Interest Builds in Targeting MET Mutations in Non-Small Cell Lung Cancer

OncologyLive, Vol. 19/No.5, Volume 19, Issue 5

Building on the success of molecularly targeted drugs aimed at relatively small subsets of patients, lung cancer researchers are increasingly aiming at the MET oncogene.

Balazs Halmos, MD, MS

Although checkpoint blockade immunotherapies have advanced rapidly in the treatment paradigm for patients with non—small cell lung cancer (NSCLC), interest in developing targeted therapies for this malignancy has remained high. Building on the success of molecularly targeted drugs aimed at relatively small subsets of patients, researchers are increasingly aiming at the MET oncogene

During the past several years, interest in MET activity has grown as investigators have considered it both as a biomarker and target for treatment, particularly since the focus on MET exon 14 skipping mutations has led to the development of several second-generation MET inhibitors, according to Balazs Halmos, MD, MS.

MET is a transmembrane receptor tyrosine kinase whose aberrant activity can influence important cell-signaling networks (FIGURE7 ).1 This pathway can be activated in one of several ways, explained Halmos, director of thoracic oncology and director of clinical cancer genomics, Montefiore Medical Center, during a presentation at the 12th Annual New York Lung Cancers Symposium, hosted by Physicians’ Education Resource®, LLC, in December 2017.

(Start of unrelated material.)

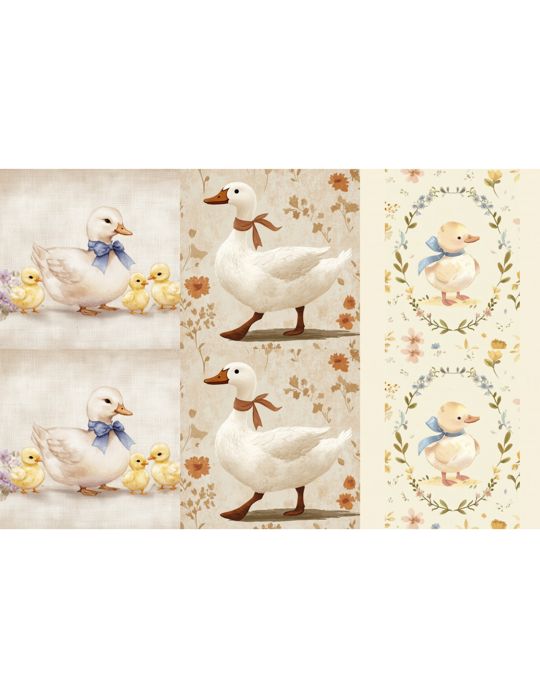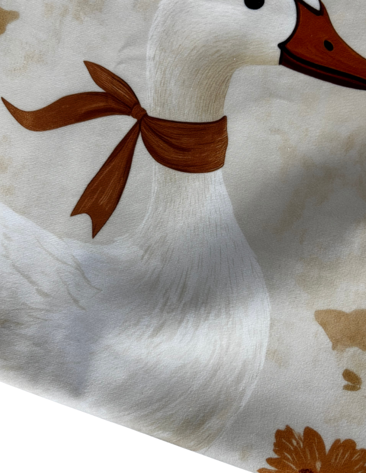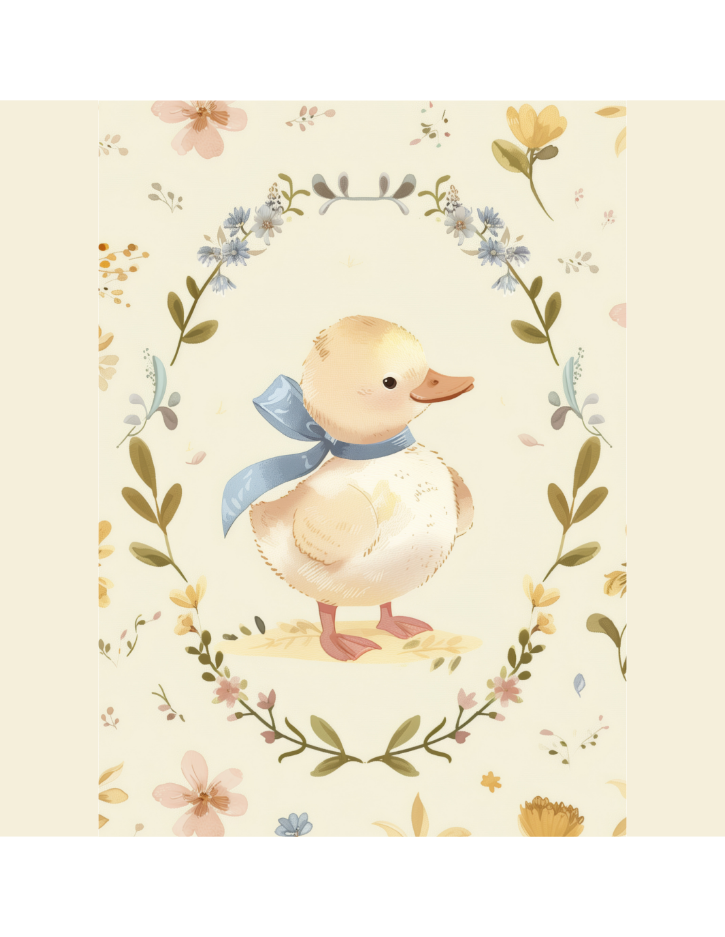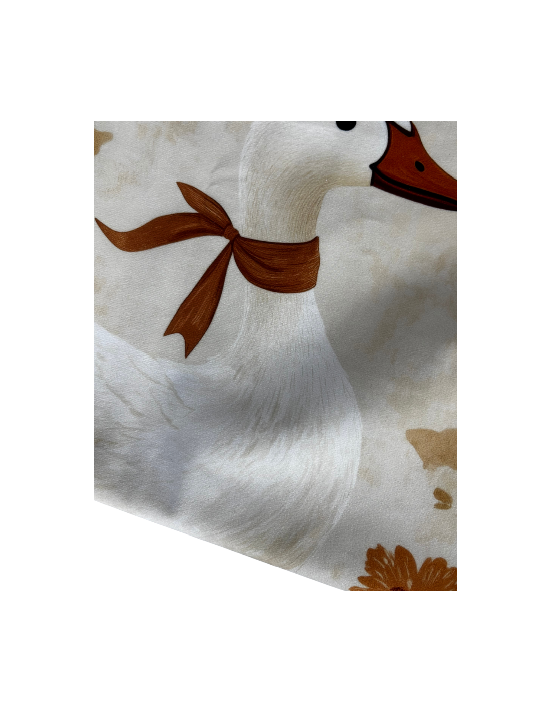 Panel poduszkowy o wymiarach ok. 50 × 50 cm z delikatną, akwarelową ilustracją w wielkanocnym stylu. Wzór przedstawia urocze kaczuszki i gąski z kokardkami, otoczone subtelnymi, pastelowymi kwiatami i wiankami, w ciepłej, naturalnej kolorystyce beżu, kremu, błękitu i pudrowej żółci. Całość utrzymana jest w stylu vintage / cottage, idealnie pasującym do wiosennych i świątecznych aranżacji wnętrz.

Figure 1. MET Signaling Network in Cancer

Search for Correct Biomarker

The pathway can be activated through MET protein overexpression; increased expression of its ligand, hepatocyte growth factor; MET mutations; gene amplification; and alternative splicing or exon 14 skipping. Each of these methods has been investigated as a potential approach to utilize this pathway for the treatment of patients with cancer. “This plethora of possibilities led to a lot of confusion in the field over the years over which biomarker to use for selecting patients for MET-targeted therapy,” Halmos said.Using MET protein overexpression as a biomarker led to the failure of several randomized studies. For example, the phase III METLung trial of onartuzumab (MetMAb) in combination with erlotinib (Tarceva) failed to meet its primary endpoint of improved overall survival (OS) with added onartuzumab in patients with previously treated locally advanced or metastatic NSCLC.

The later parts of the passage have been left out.